ComputeResource adapts Dagster assets to different deployment targets. Picking the right execution mode keeps developer feedback loops tight while fitting production constraints.

:::info No persistent server required

dagster-slurm works well as a laptop-first tool. Submit long-running HPC jobs, close your laptop, and check results later — Slurm jobs run to completion independently of the Dagster process. A retry reattaches to any job that was still running when Dagster stopped. See Laptop and one-off researcher deployments for recommended setup.

:::

Mode summary

ModeDescriptionTypical useRequirements
localRuns assets directly on the Dagster code location process.Laptop development, CI smoke tests.No Slurm or SSH connectivity.
slurmSubmits one Slurm job per asset materialization by default. Ray assets can explicitly share one run-owned Slurm allocation if needed.Staging clusters, production pipelines today.SlurmResource with queue/partition configuration.

Switch modes by updating the ComputeResource.mode field—asset code stays identical.

Local mode

compute = ComputeResource(
mode="local",
default_launcher=BashLauncher(),
)
  • Zero Slurm dependencies.
  • Perfect for authoring and unit testing assets.
  • Combine with LocalPipesClient features such as log tailing.

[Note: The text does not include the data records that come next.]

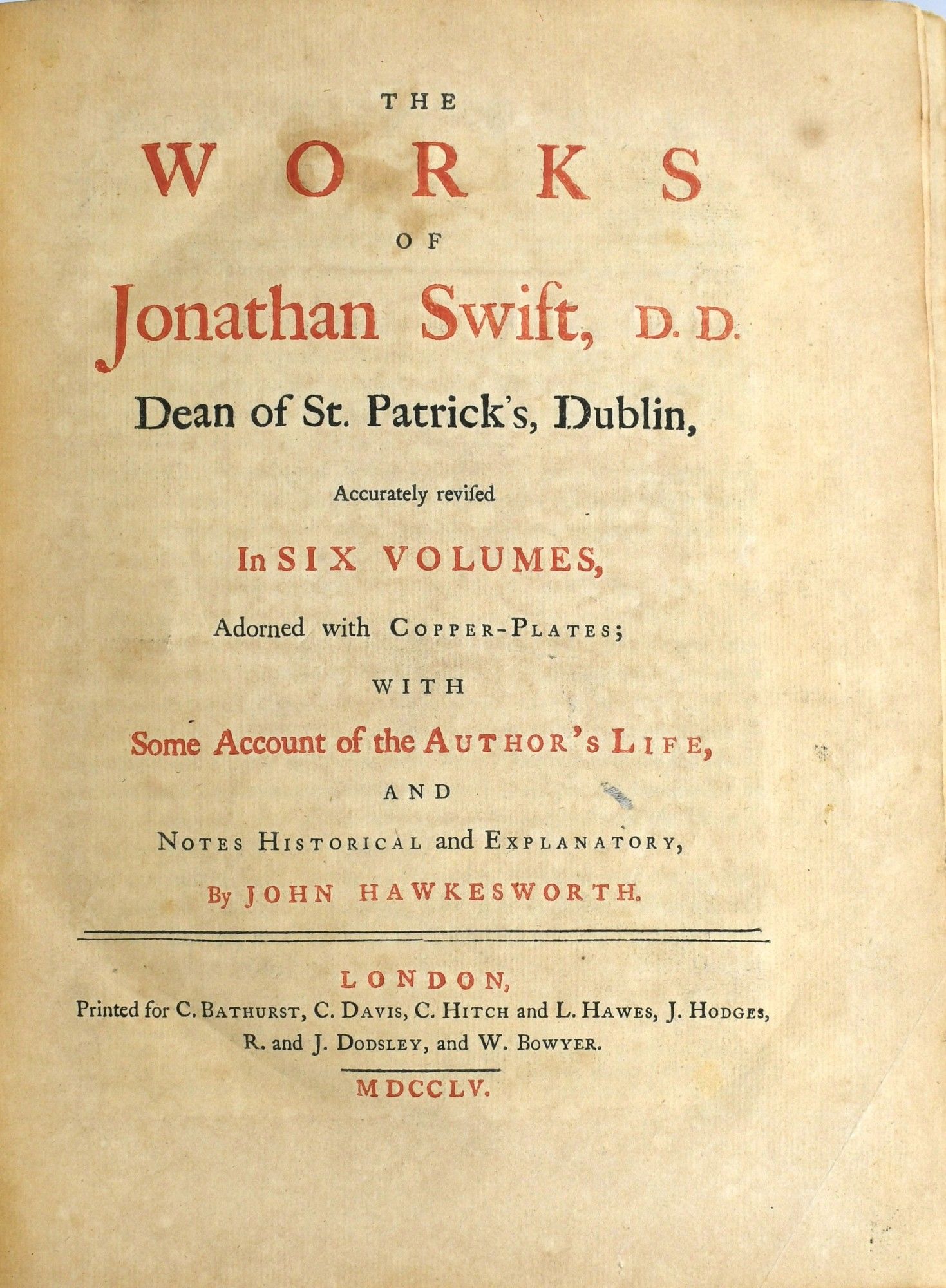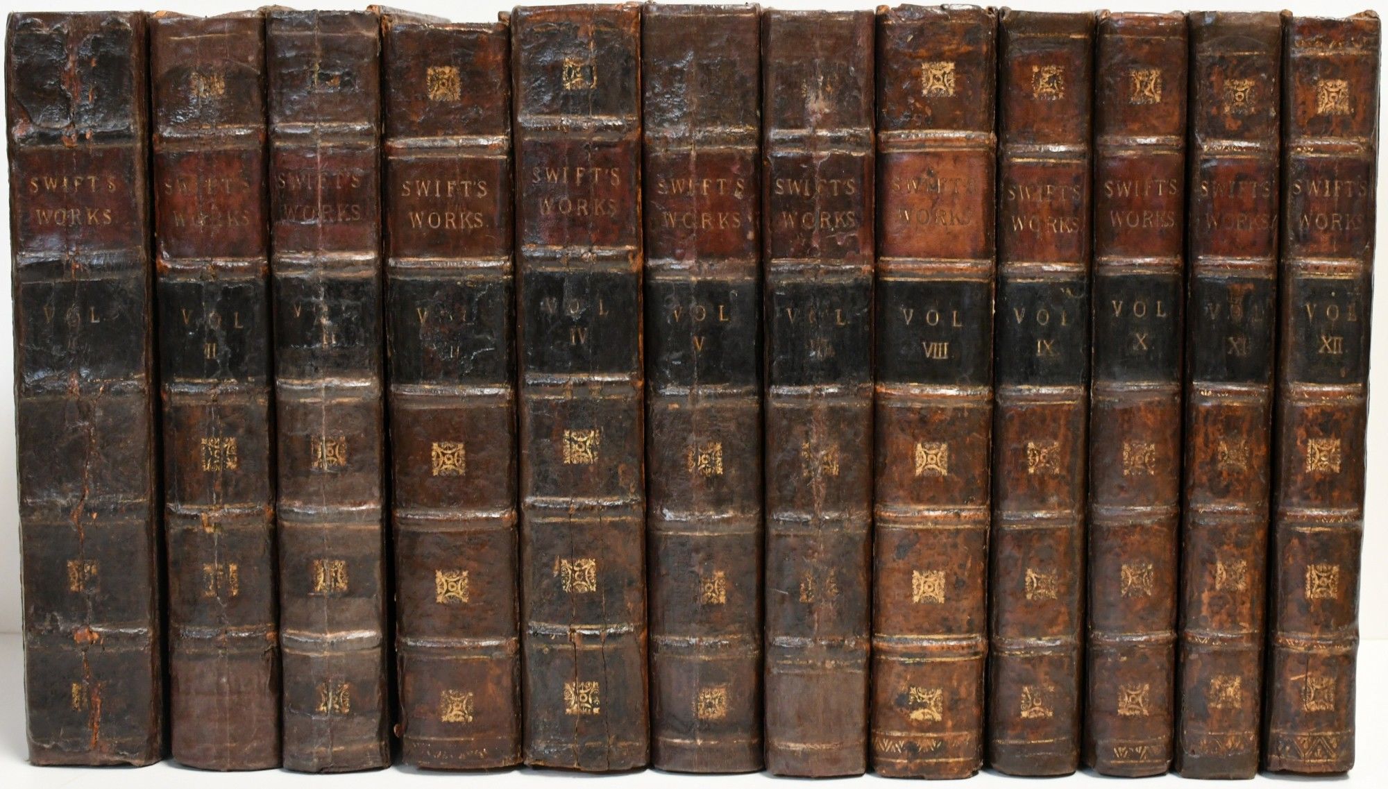 12 Volumes] THE WORKS OF JONATHAN SWIFT, D.D. DEAN OF ST. PATRICK'S, DUBLIN, ACCURATELY REVISED IN SIX VOLUMES. ADORNED WITH COPPER PLATES; WITH SOME ACCOUNT OF THE AUTHOR'S LIFE, AND NOTES HISTORICAL AND EXPLANATORY BY JOHN HAWKESWORTH [8 Volumes, with] LETTERS, WRITTEN BY THE LATE JONATHAN SWIFT... FROM THE YEAR 1703 TO 1740 [4 Volumes]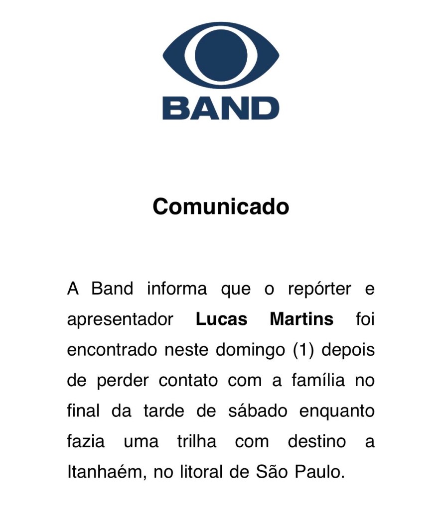 A emissora Band divulgou neste domingo (1º) que o repórter e apresentador Lucas Martins foi localizado após perder contato com a família na tarde de sábado, enquanto realizava uma trilha em direção a Itanhaém, no litoral paulista.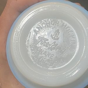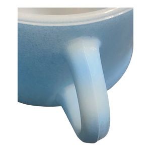No chips or cracks. Some fading of blue frosting on handles of some mugs. See last pic. Otherwise good used vintage condition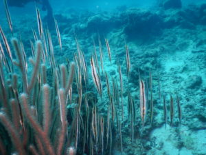 ちなみに下を向いて泳ぐのは海底のプランクトンを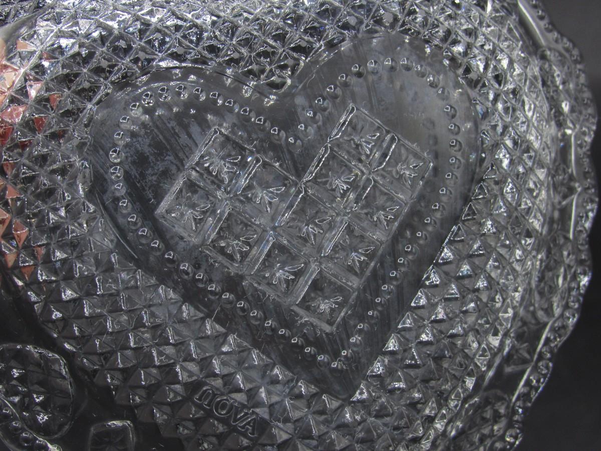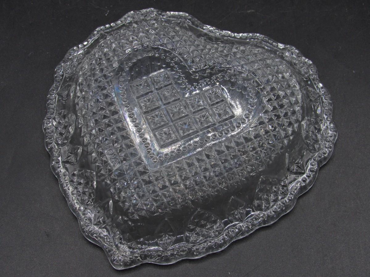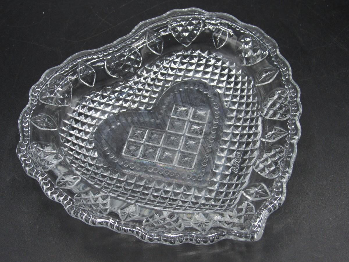 Vintage Fostoria Avon Cut Crystal Glass Heart Crochet Pattern Trinket Jewelry Dish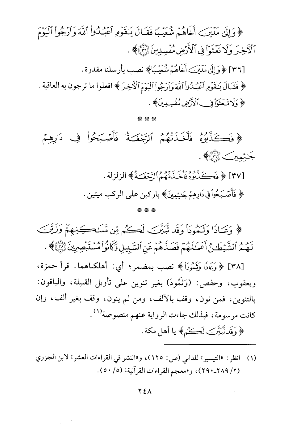 [36] {وَإِلَى مَدْيَنَ أَخَاهُمْ شُعَيْبًا} نصب بأرسلنا مقدرة.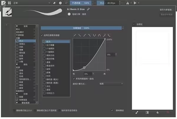 3、该软件支持用户将笔刷参数与压力、速度、笔倾角等多种输入设备传感器进行联动,以此达成笔刷属性的动态调节,增强绘画过程中的个性化控制能力。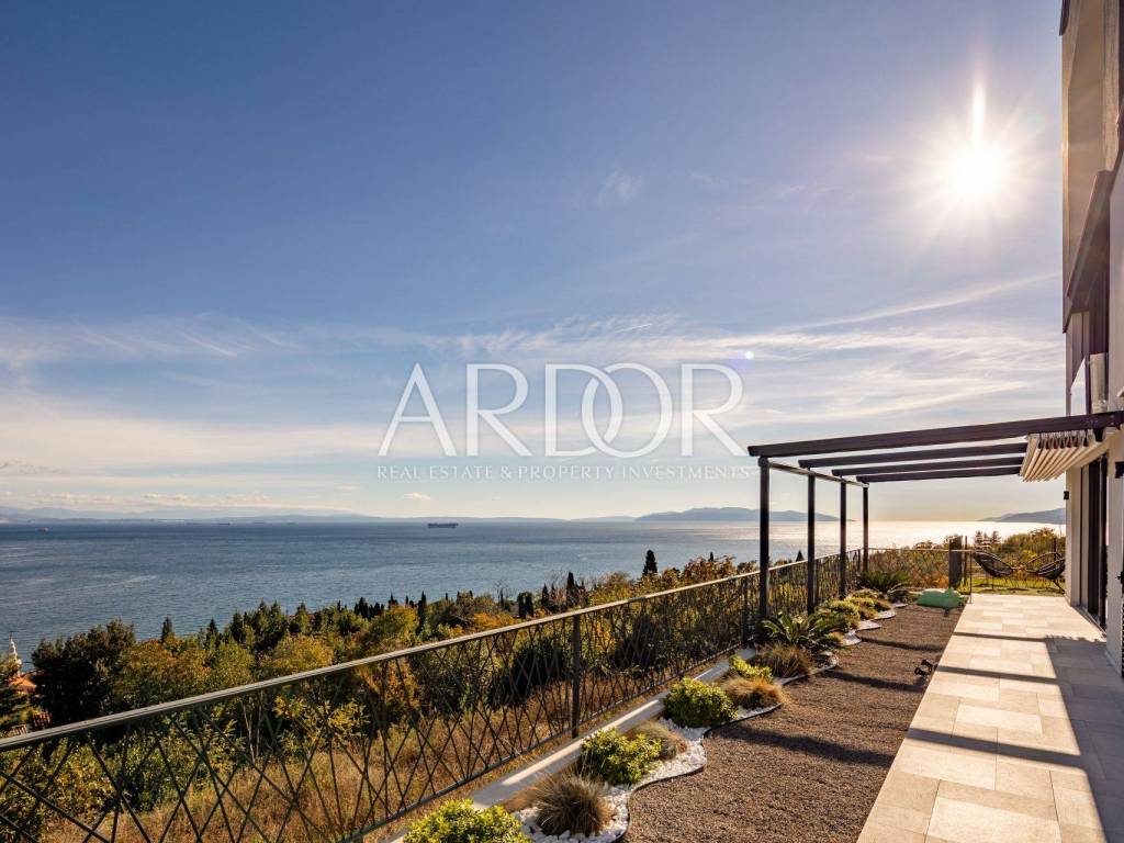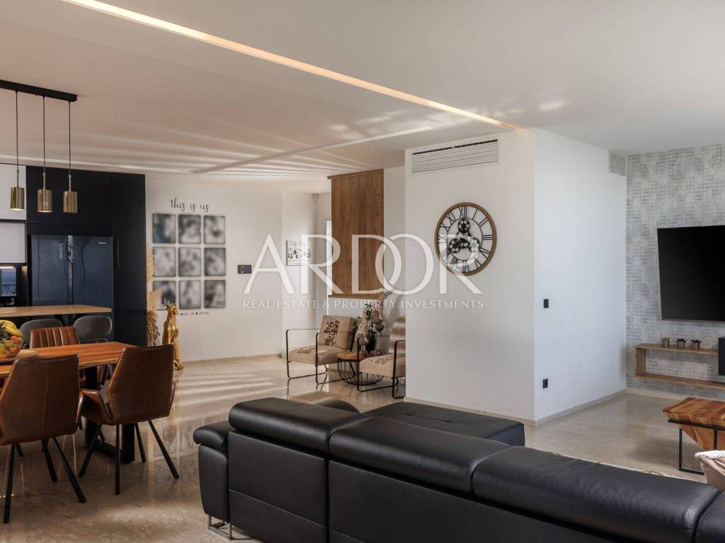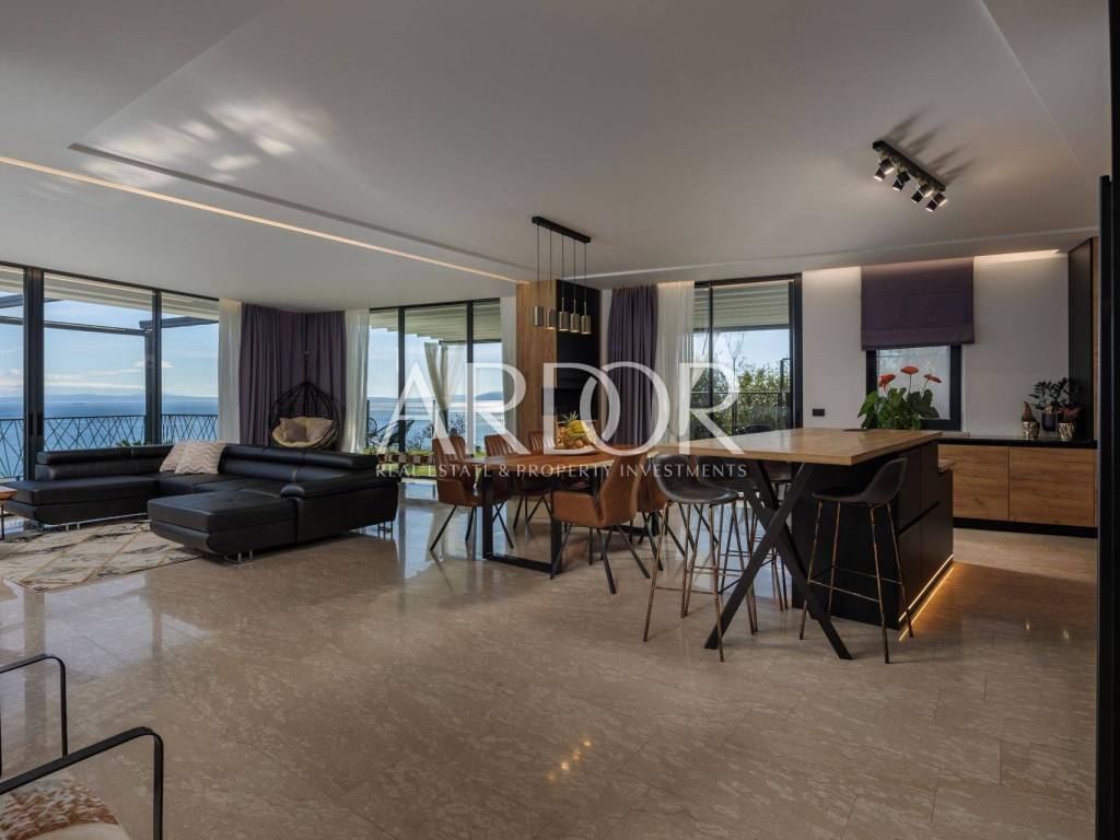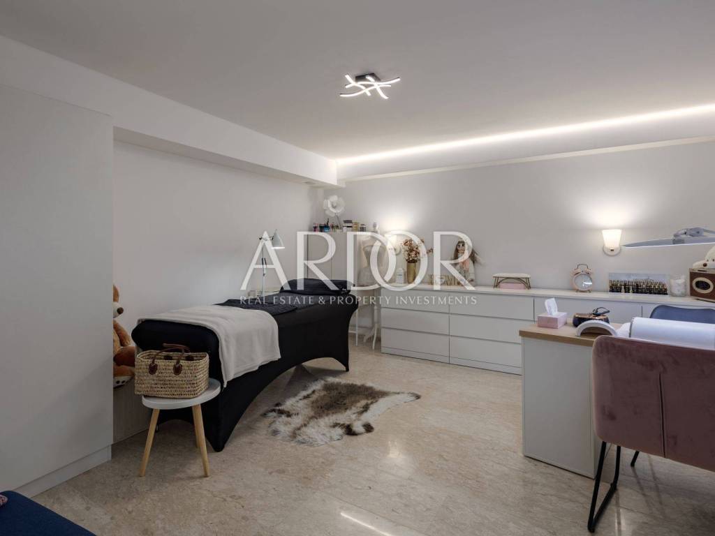 L’appartamento è composto da quattro camere da letto, tre bagni (uno dei quali en-suite nella camera padronale), lavanderia, studio con wine-bar, locale tecnico e un ampio soggiorno open space con zona pranzo e cucina. La sala da pranzo e il soggiorno hanno accesso diretto a una terrazza coperta con tavolo da pranzo all’aperto e cucina estiva con barbecue. L’area esterna della terrazza è coperta da tre pergole automatizzate per una superficie totale di 80 m².

Slurm mode (per asset job)

compute = ComputeResource(
mode="slurm",
slurm=SlurmResource(
ssh=SSHConnectionResource.from_env(prefix="SLURM_EDGE_NODE_"),
queue=SlurmQueueConfig(partition="compute", qos="normal"),
),
default_launcher=BashLauncher(),
)
  • Each run file-packages the asset environment using pixi-pack (unless pre_deployed_env_path is set).
  • Jobs terminate as soon as the asset finishes—ideal for isolated workloads.
  • Override launcher= on individual assets to run Ray or Spark (WIP) workloads inside the allocation.

Slurm mode with run-scoped Ray allocation

Use allocation_scope="run" when a Dagster run selects several Ray-backed assets that should reuse one Slurm allocation and one Ray cluster. The default remains per-asset jobs.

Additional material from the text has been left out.